Further, an antenna device according to the present invention is an antenna device of a single beam scheme, including: a reflector which forms an offset antenna with a portion of a rotational paraboloid being cut out; a sub-reflector which radiates a beam having an elliptical cone shape to an aperture plane of the reflector; and a primary radiator which radiates a beam having any shape to the sub-reflector, wherein a contour of the aperture plane of the reflector is formed along an isolux line of the beam having an elliptical cone shape radiated from the sub-reflector.
Effects of the Invention
According to the antenna device according to the present invention, since the contour of the reflector is formed along the isolux line of the elliptical beam radiated from the primary radiator, it is possible to optimize a trade-off relationship of the spillover and the irradiation efficiency. As a result, it is possible to achieve reduction of a loss due to spillover, improvement of irradiation efficiency, enhancement of a side lobe characteristic, and the like and to improve antenna performance.
BRIEF DESCRIPTION OF THE DRAWINGS
FIG. 1 is a diagram illustrating a schematic configuration and an isolux line of an antenna device of a single beam scheme according to a first embodiment of the present invention.
FIG. 2 is an illustrative diagram of the antenna device of a single beam scheme according to the first embodiment of the present invention.
FIG. 3 is an illustrative diagram of an antenna device of a single beam scheme according to a second embodiment of the present invention.

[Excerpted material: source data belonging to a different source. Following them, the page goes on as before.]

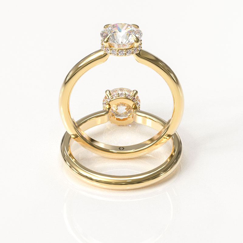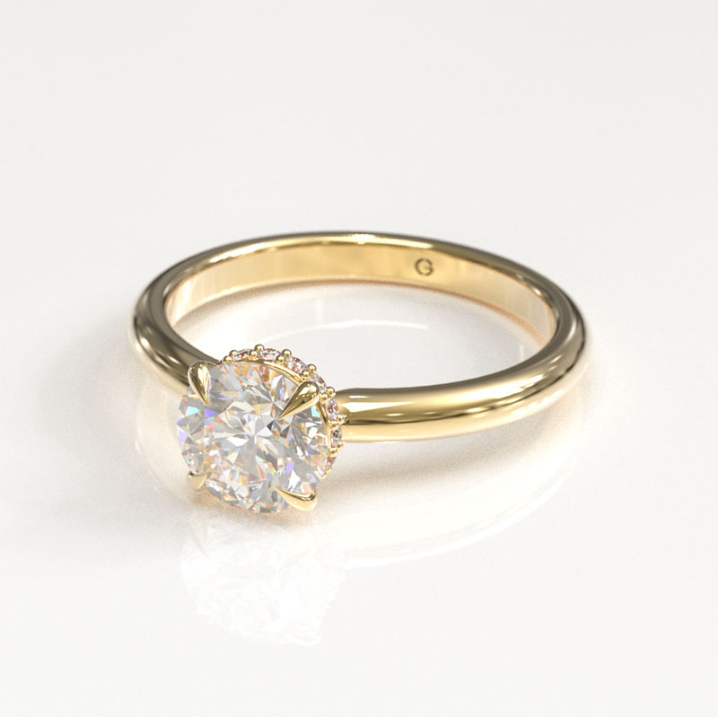 Venice features a refined round cut solitaire elevated with a hidden halo of sparkling diamonds beneath the setting. This elegant design offers a classic look with a modern hidden twist. Available in white, yellow, or rose gold. Timeless beauty from every angle.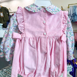 Pink corduroy girls' short bubble with pink liberty long sleeve blouse
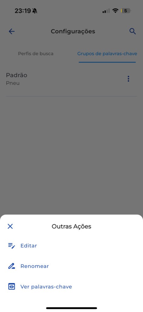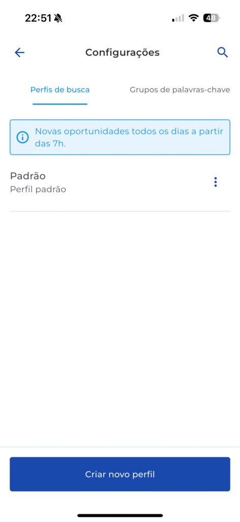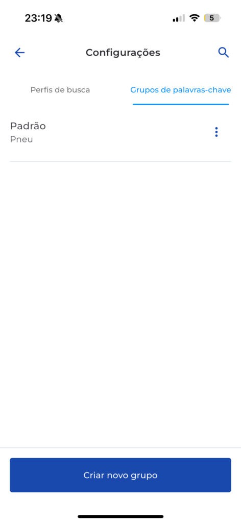 Na versão gratuita do app, você poderá cadastrar 1 perfil de busca e 1 grupo com até 15 palavras-chave. Confira abaixo como configurar seus filtros de busca: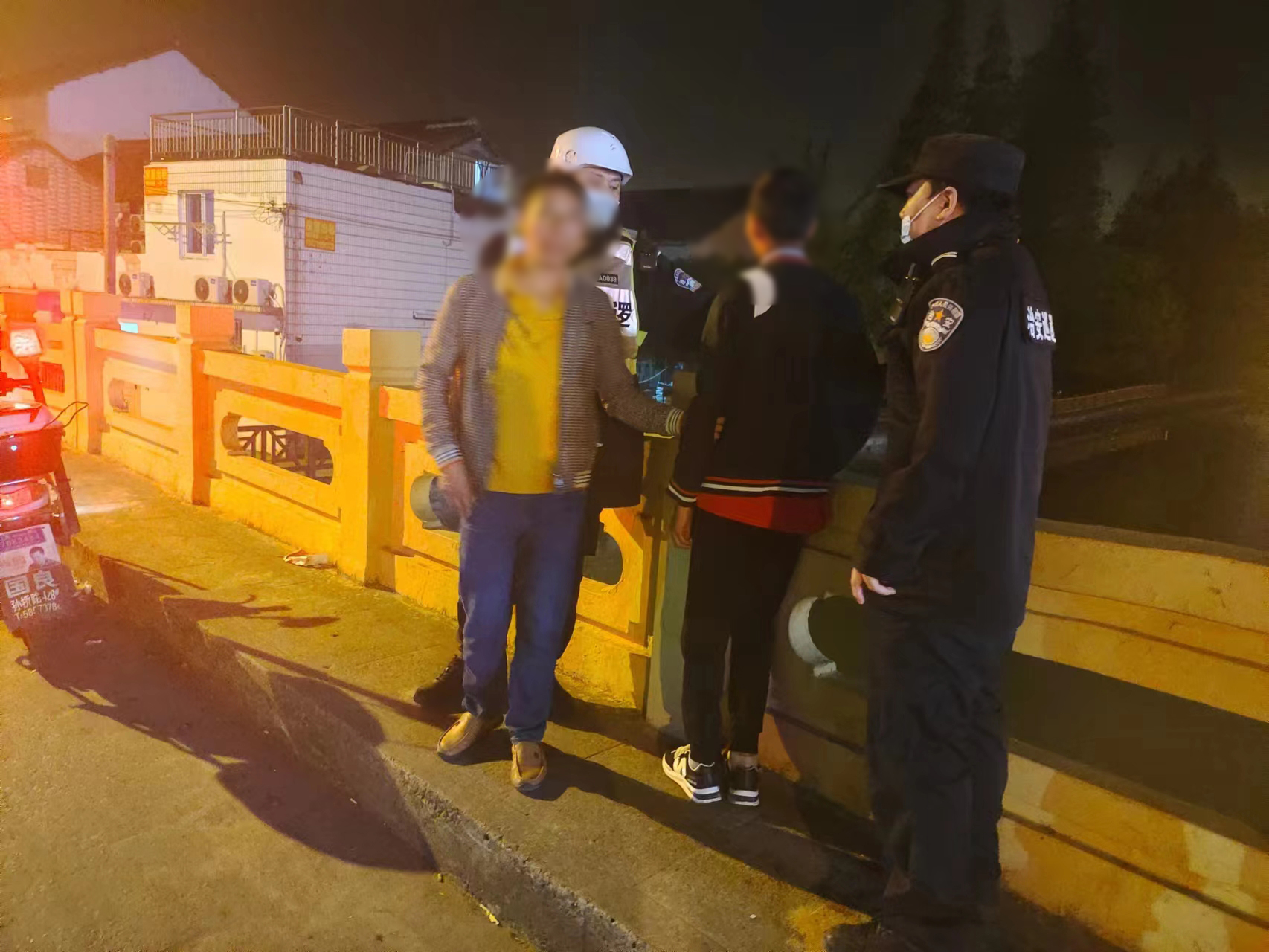 當日23:15,公司員工孫魁在三灶路與橫沔江路橋頭巡邏時(shí),聽(tīng)到有人在橋頭大聲呼叫“快來(lái)救救我家小孩,救救我家小孩,他要跳河,他要跳河......”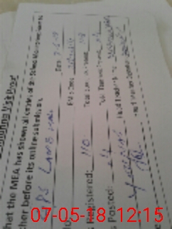 | Monitoring Date: 07-05-2018 | Start Time: 07-05-2018 11:49 AM | End Time: 07-05-2018 12:15 PM | Name of MEA: YO**** AL**** SH**** | |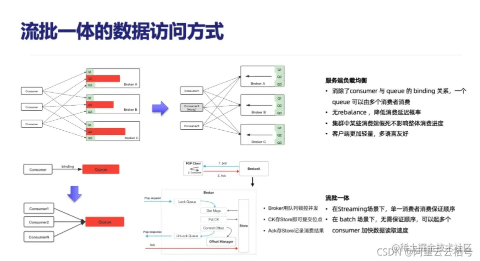 有了 POP、PUSH、PULL 等模式之后,RocketMQ 就可以完成流批一体的数据访问方式。比如说在 Streaming 场景下,通过原本 PUSH 方式可以保证很好的顺序消费。但批处理等对顺序要求并不高的场景中,我们可以用 POP 消费的方式对同一队列进行高并发读取,加快数据读取速度。另一方面 POP 消费模式也使得客户端更加轻量化,大量的逻辑都在服务端,对多语言客户端的编写也是更加友好的。

EMBODIMENTS FOR CARRYING OUT THE INVENTION
[Outline]
The antenna device of the present invention is an antenna device of a single beam scheme including one reflector and one primary radiator and is characterized in that a contour of the reflector is determined so that an illuminance of a beam from the primary radiator has a constant value along a contour of the reflector. In other words, in the antenna device of the present invention, the contour of the reflector is determined along a contour line (i.e., an isolux line) of an amplitude distribution of an illuminance of a beam radiated from the primary radiator.
First Embodiment
FIG. 1 is a diagram illustrating a schematic configuration and an isolux line of an antenna device of a single beam scheme according to a first embodiment of the present invention. The antenna device 1 includes a reflector 2 and a primary radiator 3, as illustrated in FIG. 1. Further, a mirror surface of the reflector 2 is a portion of a rotational paraboloid. Further, FIG. 1 illustrates a parabola in which an isolux line L on the rotational paraboloid is −6 dB, −9 dB, −12 dB, or −15 dB with an illuminance in a maximum direction (a center of an ellipse) of the elliptical beam 4 of the primary radiator 3 being 0 dB.
The primary radiator 3 is arranged in such a manner that a phase center of the primary radiator 3 matches a focus of the rotational paraboloid. Further, a central axis of the elliptical beam 4 of the primary radiator 3 forms a predetermined angle (e.g., 50 degrees) with a rotation axis of the rotational paraboloid. In this case, the illumination of the elliptical beam 4 radiated from the primary radiator 3 to the reflector 2 determines a shape of a reflector contour 2 a of the present embodiment along a contour line (isolux line) which is the same value on the mirror surface of the reflector 2. For example, the isolux line in which the illumination is −12 dB is the reflector contour 2 a of the present embodiment, as illustrated in FIG. 1.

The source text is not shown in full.